This is a library of different image models maintained by Ross Wightman. It provides state-of-the-art (SOTA) pretrained CV models. To use timm we need to first install it using pip install timm and then import it.

import timm

timm.list_models('resnet*')

The above code returns a list of all CV models in timm that start with restnet. We can then choose one of them for our learner. Here’s a more thorough explanation of the timm library and comparisons using accuracy vs time plots for the different models of timm: https://www.kaggle.com/code/jhoward/which-image-models-are-best

Understanding the model performance

Let’s see where the model made mistakes during the classfication using some of the tools provided by the fastai library.

ClassificationInterpretation from vision.widgets will help us take a closer look at how our model is behaving. Specifically, we will take a look at two things: the confusion matrix and plots of images with the highest losses i.e. the images on which the model performed the worst.

Confusion Matrix

A confusion matrix is a grid of actual and predicted labels for all the classes in a binary/multiclass classification problem.

interp = ClassificationInterpretation.from_learner(learn)
interp.plot_confusion_matrix()

One thing we see here is, unfortunately (but not really), the classifier is actually perfect. It never makes a mistake. But sometimes for more difficult problems, we will see many numbers in the off diagonals that the actual label and the predicted labels were different thus lowering the accuracy of our model.

Images with high loss

This step can be very valuable in understanding what our model is struggling to learn. If we have some experts for the domain specific question, we can then show it to them and make certain hypothesis and test out different things we can do to help the learner learn these difficult images. We once again use the interpreter we instantiated above, interp to plot the images corresponding to top six highest losses.

interp.plot_top_losses(6)

This will give us something that looks like this.

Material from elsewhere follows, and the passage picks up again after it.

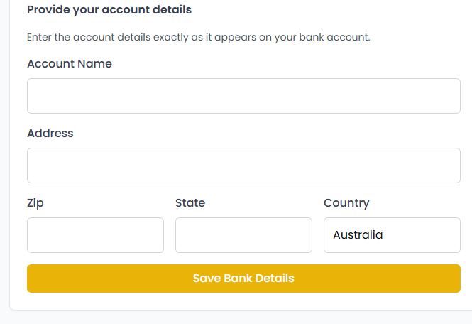 Enter your Bank Name, Account Name, BSB/Sort Code, and Account Number.

As the title says, for each image here we can see four pieces of information:

What’s the predicted label?
What’s the actual label?
What’s the final loss?
How confident is the label with its prediction?

Here, everything is perfect but we could use this information to say delete certain images that are maybe too blurry to learn from or some image where the subject is hidden behind something else.

Cleaning the data

Now that we’ve seen some of the images where the model did not perform well, let’s try to remove these “bad” images. Some very obvious images you would want to remove from the path are say images that may not have been bears or somehow a cartoon image of bear among many images of real bear pictures. Fastai provides some incredibly nice tools to clean your image data through the fastai.vision.widgets class. The one we will use is the ImageClassifierCleaner class which gives us a list of the images sorted in descending order of loss so we can inspect and remove “bad” images.

cleaner = ImageClassifierCleaner(learn)
cleaner

You should get an output that looks like this:

Now you can select what images you want to delete or move from both the training and validation datasets. Once you are happy with your selections you will modify the files with the following code:

for i in cleaner.delete():
    img_to_rm = cleaner.fns[i]
    img_to_rm.unlink()

for (i, category) in cleaner.change():
    from_path, to_path = str(cleaner.fns[i]), path/category
    shutil.move(from_path, to_path)

The cleaner object has access to the filenames as it contains the learner object. All we did in this block is (1) kept track of the files we want to delete, looped through them, and then just unlinked them (2) kept track of the files and corresponding categories we wanted to change, looped through them and then just moved them from old path to new path.

Retrain the model

Once we have finished cleaning up the data, we MUST create new dataloaders. Why? Well, if you remember, we have the dataloaders paths to the image files. But now some of those images don’t exist. If you try using the previous dataloaders objects, your program will crash. Let’s recreate the datablock, dataloaders, and learner with our newly cleaned up data.

dblock2 = DataBlock(
    blocks = (ImageBlock, CategoryBlock),
    get_items = get_image_files,
    get_y = parent_label,
    splitter = RandomSplitter(valid_pct = 0.2),
    item_tfms = [RandomResizedCrop(128, min_scale=0.3)], 
    batch_tfms = [*aug_transforms()]
)

dls = dblock2.dataloaders(path, bs=32)

learn = vision_learner(dls, 'resnet18', metric=error_rate)
learn.fine_tune(4)

We now have our new trained model. We can iterate over these steps and clean more if we must. But let’s say we are now happy with our performance. Next thing to do is put it to use. What’s the point of a model that’s not used?

Save your model

Let’s save the model so we can load it somewhere else.

learn.export('model.pkl')

Deployment

We will use gradio which is a tool provided by Huggingface. It allows us to deploy models that are hosted in their Huggingface Spaces.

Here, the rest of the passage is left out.